TLK: About those hexdump manipulation functions...
TLK: Return value of convert_to_*
TLK: Dropping support for Windows 98/ME [cont]
BUG: Missing SSL warning
TLK: Not enough error messages
REQ: ext/fileinfo
CVS: ext/filter code review
PAT: is_numeric_string optimization in 5_2
TLK: About those hexdump manipulation functions...
Alexander Demin chased up a patch he submitted to internals@ a couple of weeks ago introducing
hexdump(), packhex(), smart_hexdump() and
smart_packhex() into the PHP_5_2 core. This time, he had a response.
Tony Dovgal asked Alexander to elaborate on the usage of the proposed functions, the
reason(s) he felt they should be in the core and not in PECL, and the reason(s) they
couldn't be implemented in userspace PHP.

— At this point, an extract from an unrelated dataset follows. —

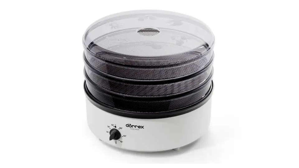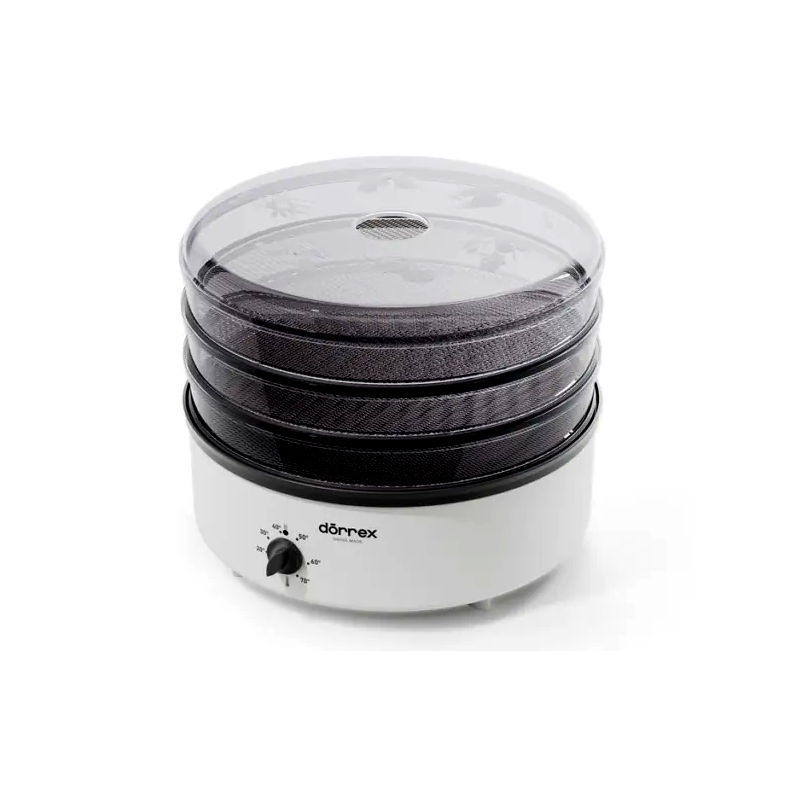 Az Stöckli Dörrex aszalóval három rozsdamentes acél tálcával rendelkezik, könnyen tisztítható műanyag házzal, szabadon állítható hőmérséklet-tartománnyal és aktív meleg levegő keringéssel. Az átlátszó fedélre nyomtatott különböző aszalási idők segítenek a megfelelő szárítási idő elérésében minden gyümölcs és zöldség esetében. Kapacitás: az eszköz akár tíz szárítóráccsal is használható.

Alexander was quick to reply. He explained that hexdump manipulation is very
useful when it comes to debugging communication protocols, any algorithms with
binary data or any kind of logging. In fact, he'd found it so useful in the past
that he'd included his userland implementation into several of his own projects over
the last two years or so. Implementing the functions in C makes them faster, but -
more to the point - Alexander felt they belonged in the PHP core because the more
complex (and so less useful) pack() and unpack() functions
are there already.
Tony didn't see a reason to add something into the core that could be easily implemented in PHP itself, and was against adding every function that might be useful for 'a couple of persons using PHP', particularly given that scenario. He suggested that Alexander might offer his userland code as a PEAR package instead.
Stas Malyshev agreed that it sounds like a useful addition to the PEAR repository. He pointed out that, since the main use of hexdump functionality is in debugging, performance isn't really an issue. Alexander saw what the pair meant, and agreed to alter his userland source to follow PEAR coding standards.
Short version: Interesting PEAR package incoming, assuming it survives the PEPr process.
TLK: Return value of convert_to_*
Andrei Zmievski took issue with an apparently minor change made by Tony to the
internal functions convert_to_unicode() and
convert_to_string(). The commit message promised that it would
'restore old behaviour when casting objects to strings and NULL'. Andrei
felt that a failed object/string conversion really
should return FAILURE, as it had until very recently. Tony argued that,
when converting an objects to a string emits an E_RECOVERABLE_ERROR, it
should still be possible to do the conversion if there is a user-defined error
handler. He offered up the following code to demonstrate his point:
<?php
|
Andrei pointed out that the object $o would also be seen by
zend_parse_parameters() as a string, rather than as an object - was
that really Tony's intention?
Following a long gap in list traffic, Andrei wrote to internals@ saying that he
and Tony had held 'a spirited discussion' on IRC on the subject of
IS_OBJECT conversion. Tony felt that, since all that matters is the end
result, the function should return SUCCESS regardless of whether the
object could genuinely convert to a string or a forced conversion to the string
"Object" had occurred. Andrei did not share this point of view, writing
that the whole point of his adding return values in those functions in the first
place had been to distinguish between genuine and forced conversions.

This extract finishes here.